Nel complesso panorama della formazione vale comunque
la pena premettere che il 30% della preparazione viene promossa in ambito
universitario, anche se non possiamo considerare questi iter accademici
come finalizzati all’ acquisizione di un tipo di competenza strettamente
mirata ad operare sul campo.
I Corsi di Perfezionamento occupano il 23% dell’attività
didattica di tipo universitario, mentre la fetta più cospicua spetta
agli istituti privati con il 46%.
Rispetto la dislocazione geografica, questa appare piuttosto
disomogenea.
La concentrazione delle opportunità didattiche
sembra, infatti, ripartita quasi in maniera equivalente tra nord e centro
Italia, rispettivamente con il 37% ed il 40%, lasciando al sud e isole
il 20% del restante. Le strutture nazionali che si occupano di indirizzare
le competenze degli psicologi in campo forense prevedono la possibilità
che a questi, nei percorsi di insegnamento previsti, si affianchino altri
specializzandi. Nel 46% dei casi si tratta di laureati in medicina, nel
37% di laureati in giurisprudenza. Per il 34% è prevista la partecipazione
per operatori di altri settori come sociologi, laureati in scienze dell'educazione
o scienze della comunicazione.
In una elevata percentuale dei casi da noi esaminati
(31%) è prevista anche la partecipazione di studenti in procinto
di conseguire la laurea. Operatori altamente specializzati nel campo giudiziario,
come avvocati o magistrati, sono coinvolti, nella formazione psicologica,
in misura estremamente ridotta (9%).
I dati che emergono fino a questo punto consentono una
prima valutazione. Appare evidente come il grado di specificità
richiesto, a chi accede a tali percorsi, non sia sempre elevato. Sembra
emergere piuttosto un orientamento di tipo ‘formativo-divulgativo’ della
materia, conoscitivo nel senso più lato del termine, quindi
non particolarmente specialistico o comunque raramente indirizzato a creare
una consistente specializzazione in un settore ristretto di conoscenza.

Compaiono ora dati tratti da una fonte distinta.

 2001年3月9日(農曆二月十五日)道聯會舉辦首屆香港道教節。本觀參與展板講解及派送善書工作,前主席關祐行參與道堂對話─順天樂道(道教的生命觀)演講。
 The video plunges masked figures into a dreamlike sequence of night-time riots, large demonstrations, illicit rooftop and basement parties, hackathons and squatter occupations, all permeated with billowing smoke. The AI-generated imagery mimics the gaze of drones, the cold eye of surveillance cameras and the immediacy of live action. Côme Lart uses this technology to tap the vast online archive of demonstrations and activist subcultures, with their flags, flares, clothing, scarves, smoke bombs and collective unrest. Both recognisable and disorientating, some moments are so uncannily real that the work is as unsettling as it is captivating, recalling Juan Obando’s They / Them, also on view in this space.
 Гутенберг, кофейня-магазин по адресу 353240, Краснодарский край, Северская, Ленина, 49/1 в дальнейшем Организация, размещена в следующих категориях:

Il fatto che figure professionali eterogenee spesso trovino
avvicinamenti scarsamente motivati da una precisa strategia didattica,
rende sempre più debole il filo che dovrebbe legare gli stessi strumenti
didattici agli obiettivi che tali corsi intendono raggiungere.

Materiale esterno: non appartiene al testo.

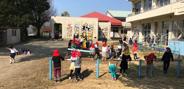 2月21日(木) 今日は昨日に続いて、かわいい訪問者がありました。最初ウッドステーションで遊んだ後、シーソーやジャングルジム、鉄棒で楽しそうに遊んでいました。
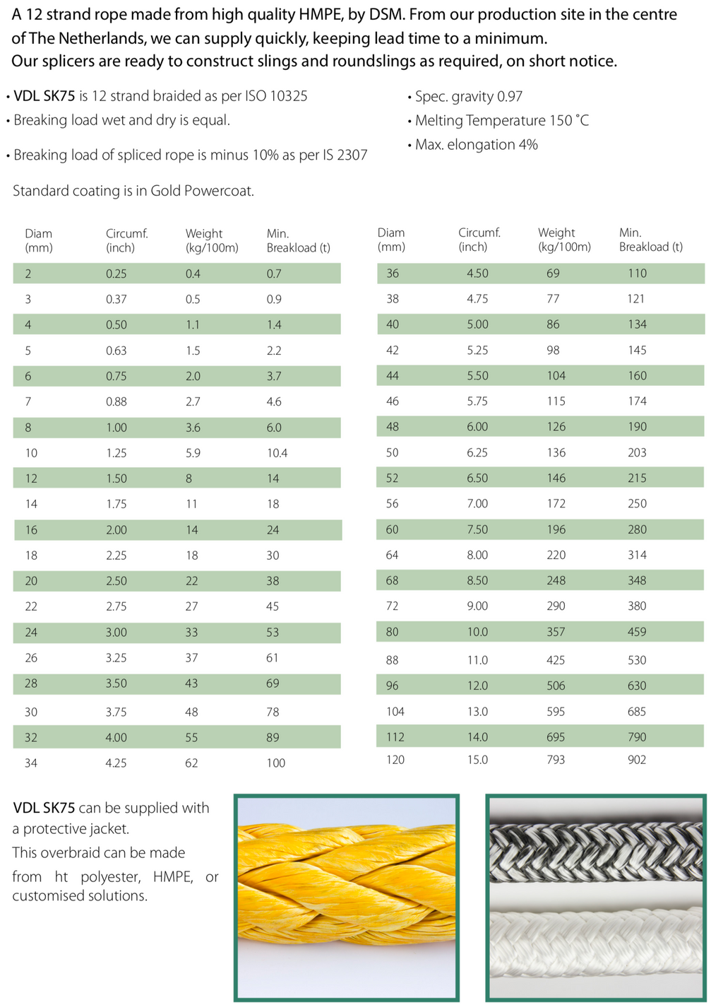 De beschreven MBL is voor nieuw ongesplitst touw, de MBL voor gesplitst touw is min 10% (ISO 10325)
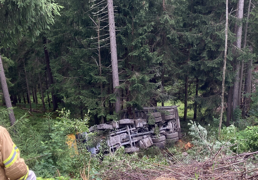 Eine 32-jährige Österreicherin war gegen 15 Uhr mit einem voll beladenen vier-achsigen Lkw unterwegs zur Deponie im Bereich Riefenwald, um rund 18 Tonnen Murenmaterial abzuladen. Auf der nassen und matschigen Forststraße kam sie in einer Linkskehre unterhalb der Deponie mit den rechten Reifen vom Weg ab, berichtet die Polizei Landeck. Der Lkw stürzte daraufhin etwa zehn Meter in eine Böschung und blieb erst durch den Aufprall an zwei Bäumen stehen.
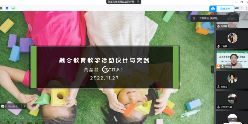 2022年11月27日晚,英国上市官网365邀请北京市海淀区睿智全纳教育康复中心黄晶晶主任为特殊教育专业本科生进行主题为“融合公司产品活动设计与实践”的在线讲座。讲座由特殊教育教研室主任隋春玲主持,特殊教育专业员工和教师近120人参加了本次活动。

Sarebbe opportuno auspicare una diversificazione tra
orientamenti didattici tesi a divulgare, da quelli strettamente
ed altamente specialistici, destinati ad affinare gli strumenti di chi
opera nel settore. Il terreno formativo-informativo di scambio appare,
quindi, troppo dissimile e composito, tanto da compromettere potenzialmente
una imprescindibile integrazione di abilità come continuamente auspicato
da esperti del settore. Nel tentativo di garantire delle direttive generali,
come accennato spesso di tipo prevalentemente divulgativo, aumenta il rischio
di creare un terreno che è solo apparentemente capace di integrare
diverse competenze.
Molti istituti ed associazioni, per esempio, offrono
una formazione a più livelli, rispetto diverse aree di intervento
in corsi di formazione relativamente brevi per durata ed ore di lezione
effettuate, mentre appaiono in misura fortemente ridotta (9%) i corsi che
potremmo definire altamente specialistici.

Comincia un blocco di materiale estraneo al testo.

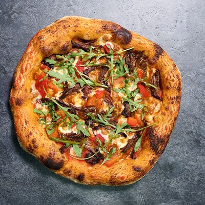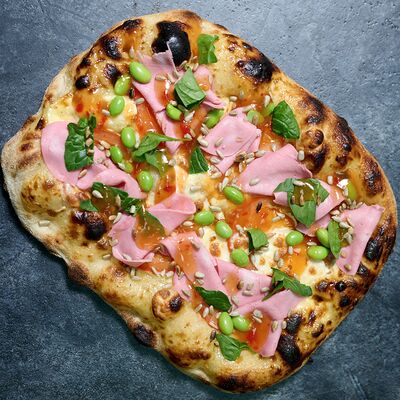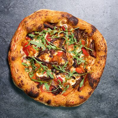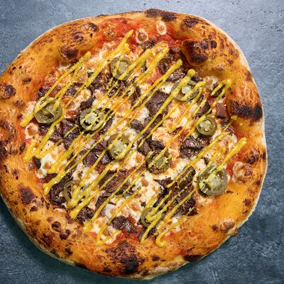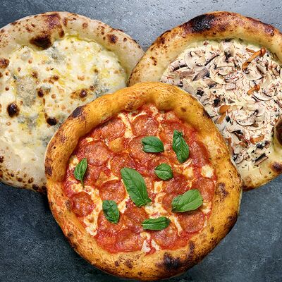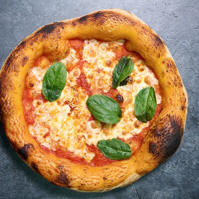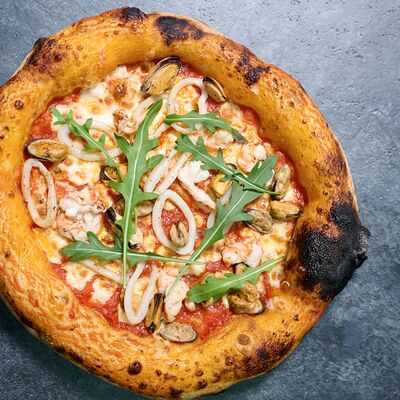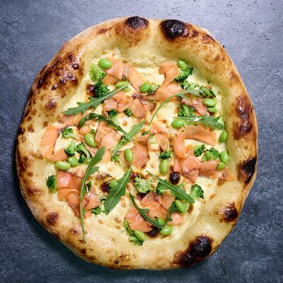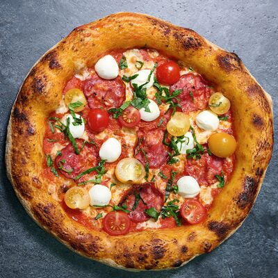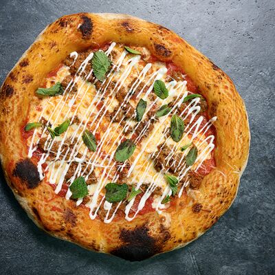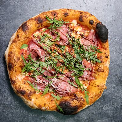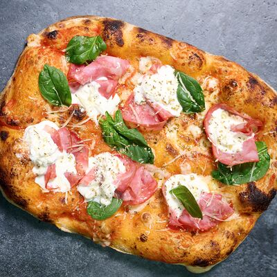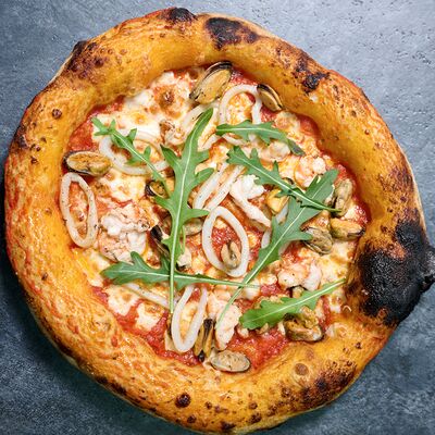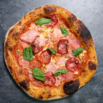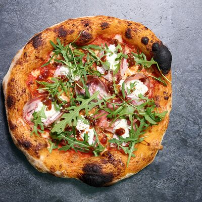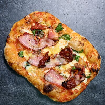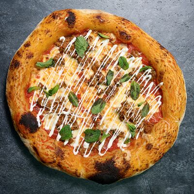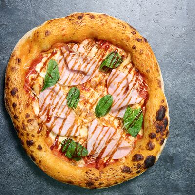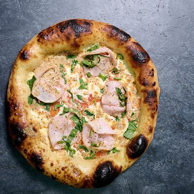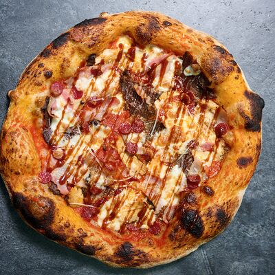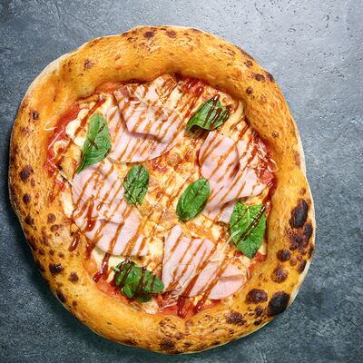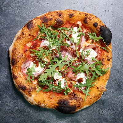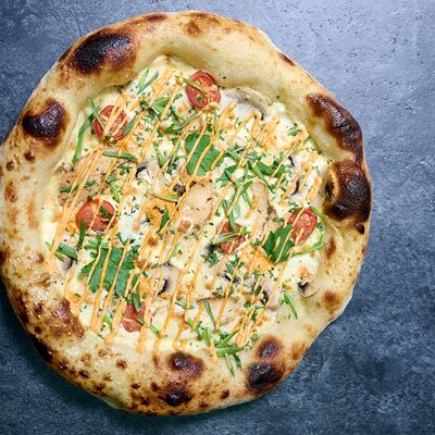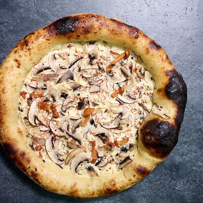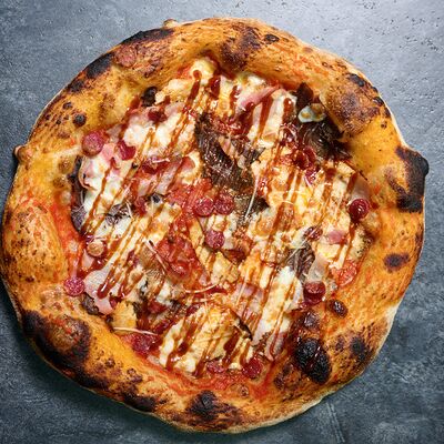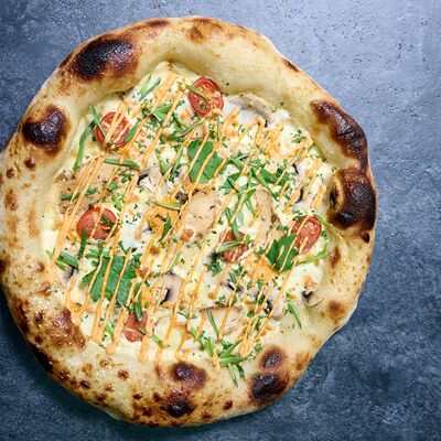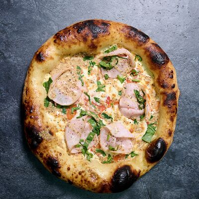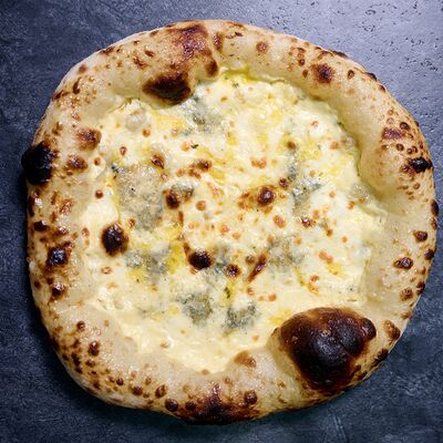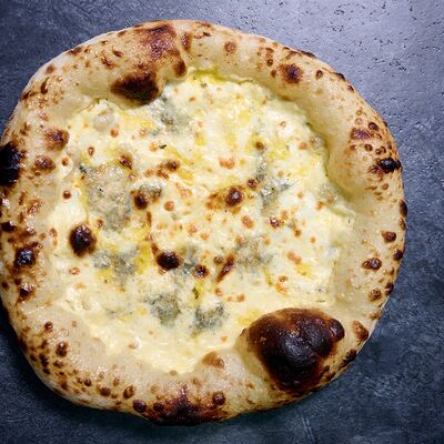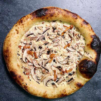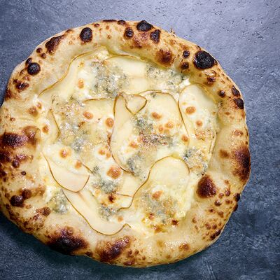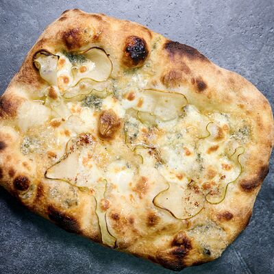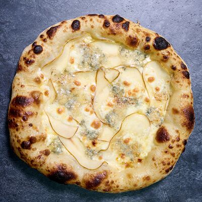 Неаполитанское тесто, белый соус (сыр творожный и сливки), сыр горгондзола, груша, грецкий орех, мёд, масло пряное, сыр пармезан, орегано (25 см)

Come dire che aspettative formative consistenti da un
punto di vista teorico non sembrano poter essere in tutti i casi supportate
da un tempo di studio adeguato se non si considerano attentamente gli obiettivi
che le diverse scuole si prefiggono di raggiungere.
Non considerando la formazione universitaria, in circa
il 60% dei casi ci troviamo di fronte a lezioni strutturate semestralmente
dove vengono, allo stesso tempo, trattati temi estremamente complessi ed
eterogenei tra di loro.
Nel 40% circa dei casi, infatti, le svariate aree si
sovrappongono e si combinano differentemente.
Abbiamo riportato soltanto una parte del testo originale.